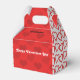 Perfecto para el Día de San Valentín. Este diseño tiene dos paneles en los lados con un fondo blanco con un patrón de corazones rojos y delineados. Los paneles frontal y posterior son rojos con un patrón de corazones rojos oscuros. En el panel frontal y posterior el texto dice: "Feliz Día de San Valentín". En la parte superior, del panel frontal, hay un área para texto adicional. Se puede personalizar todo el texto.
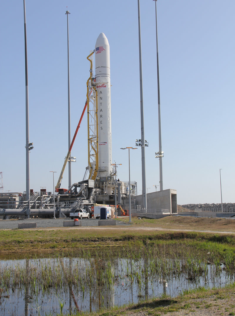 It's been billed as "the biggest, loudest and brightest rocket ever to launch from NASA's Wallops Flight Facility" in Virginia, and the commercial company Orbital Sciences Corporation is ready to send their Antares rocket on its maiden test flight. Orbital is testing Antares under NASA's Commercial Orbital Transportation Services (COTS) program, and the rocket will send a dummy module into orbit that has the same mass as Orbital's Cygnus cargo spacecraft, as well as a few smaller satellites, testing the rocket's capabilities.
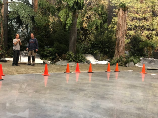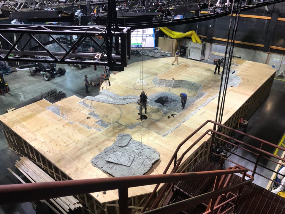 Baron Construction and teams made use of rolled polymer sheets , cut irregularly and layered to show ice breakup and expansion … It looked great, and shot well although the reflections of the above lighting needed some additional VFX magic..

━━━━━━

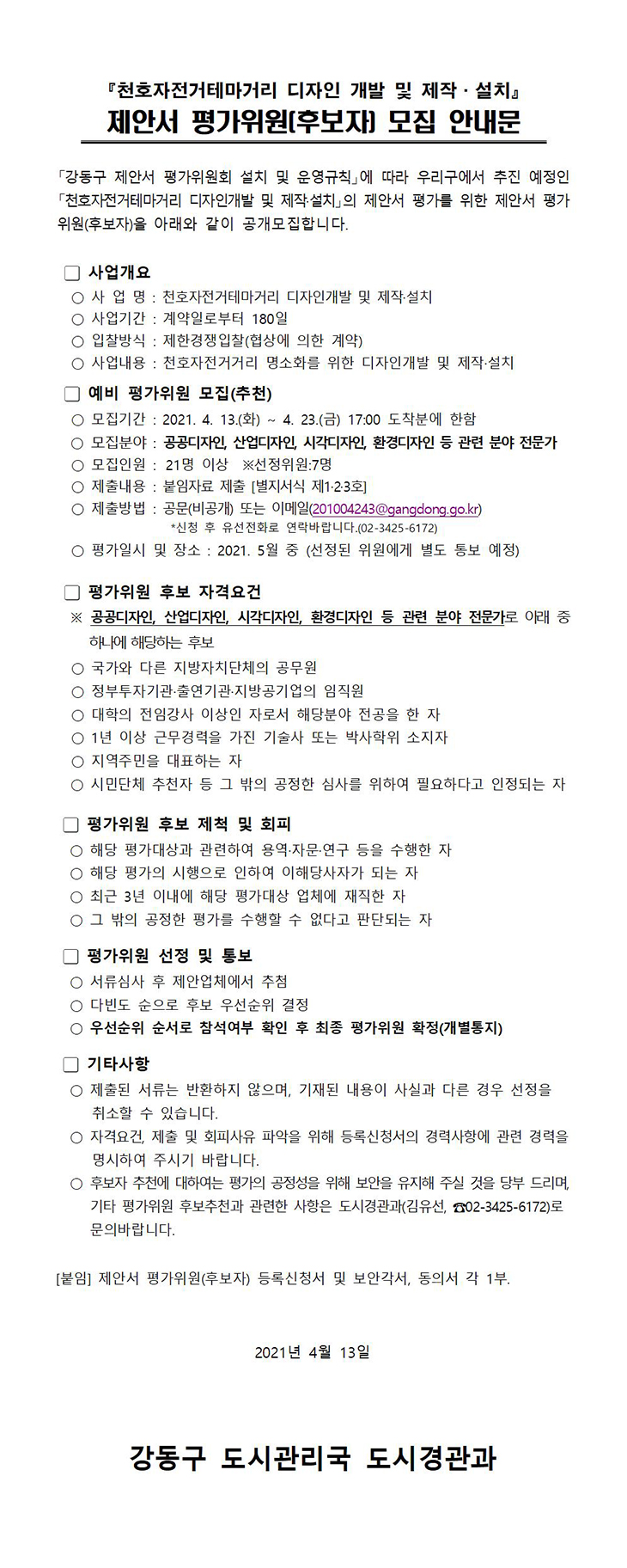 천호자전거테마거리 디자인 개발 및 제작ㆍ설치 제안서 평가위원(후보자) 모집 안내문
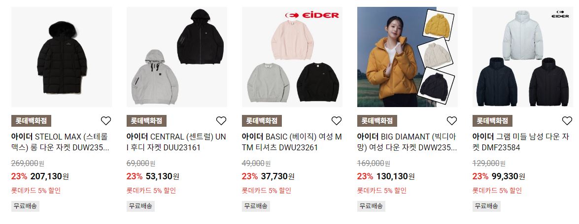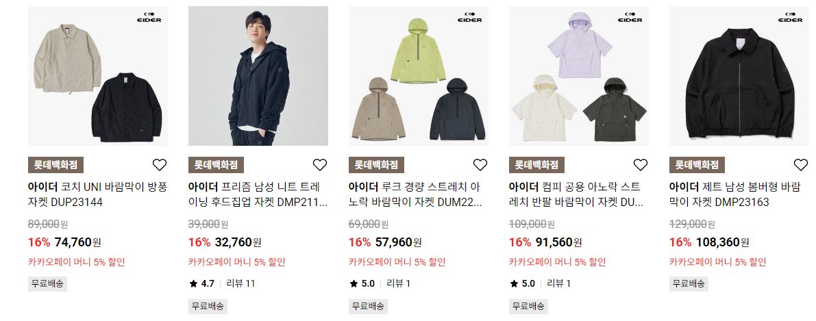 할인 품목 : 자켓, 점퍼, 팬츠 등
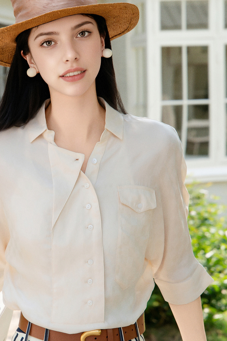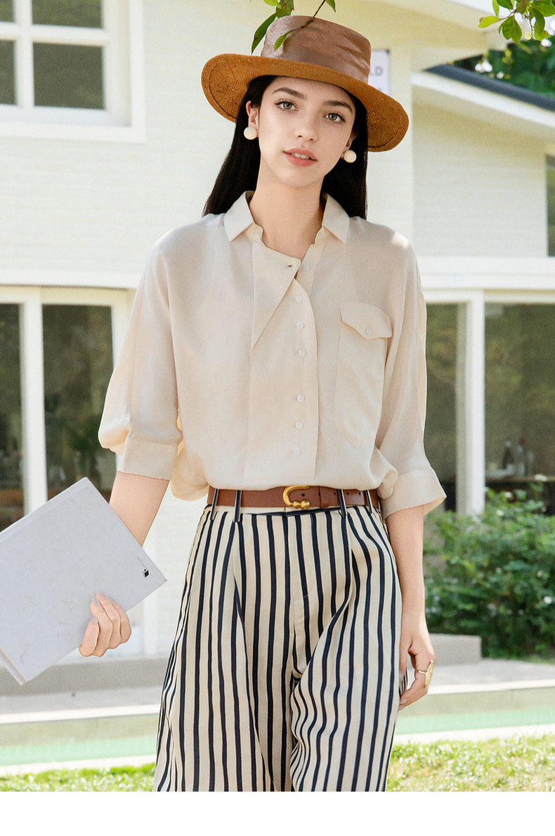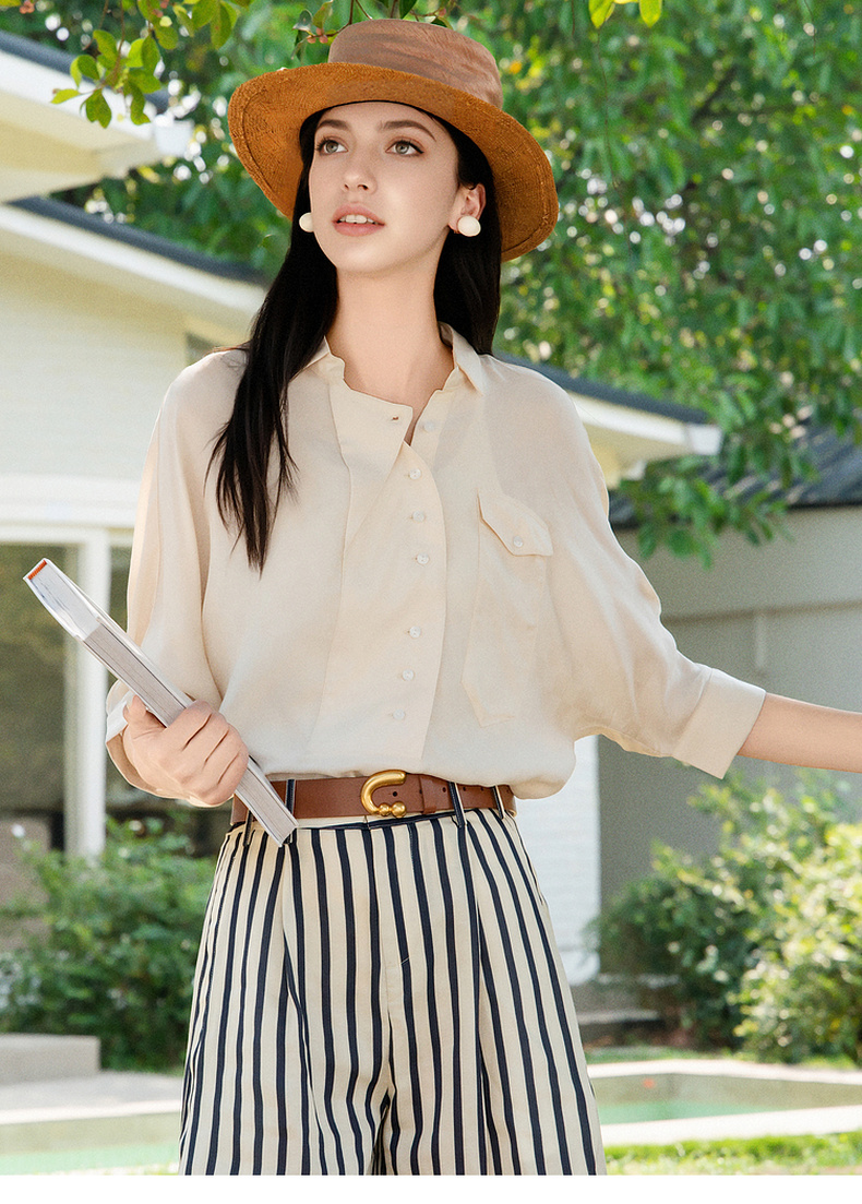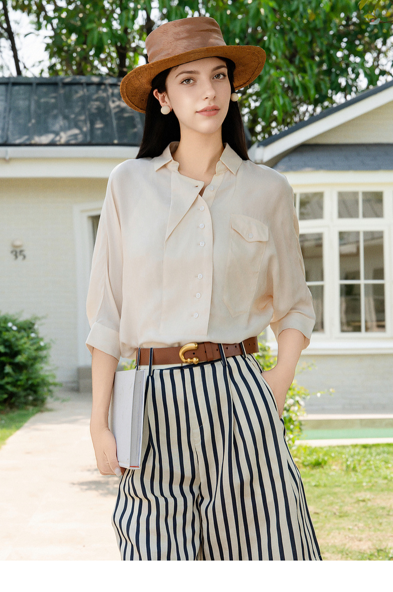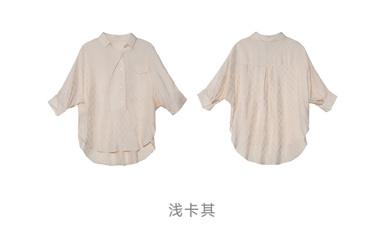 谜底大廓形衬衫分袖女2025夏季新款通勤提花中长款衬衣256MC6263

━━━━━━

From the records above, transcribe exactly the lines starting at the one containing "Perfecto para el" and ending at the one containing "Baron Construction and". Skip the pictures.

 Perfecto para el Día de San Valentín. Este diseño tiene dos paneles en los lados con un fondo blanco con un patrón de corazones rojos y delineados. Los paneles frontal y posterior son rojos con un patrón de corazones rojos oscuros. En el panel frontal y posterior el texto dice: "Feliz Día de San Valentín". En la parte superior, del panel frontal, hay un área para texto adicional. Se puede personalizar todo el texto.
 It's been billed as "the biggest, loudest and brightest rocket ever to launch from NASA's Wallops Flight Facility" in Virginia, and the commercial company Orbital Sciences Corporation is ready to send their Antares rocket on its maiden test flight. Orbital is testing Antares under NASA's Commercial Orbital Transportation Services (COTS) program, and the rocket will send a dummy module into orbit that has the same mass as Orbital's Cygnus cargo spacecraft, as well as a few smaller satellites, testing the rocket's capabilities.
 Baron Construction and teams made use of rolled polymer sheets , cut irregularly and layered to show ice breakup and expansion … It looked great, and shot well although the reflections of the above lighting needed some additional VFX magic..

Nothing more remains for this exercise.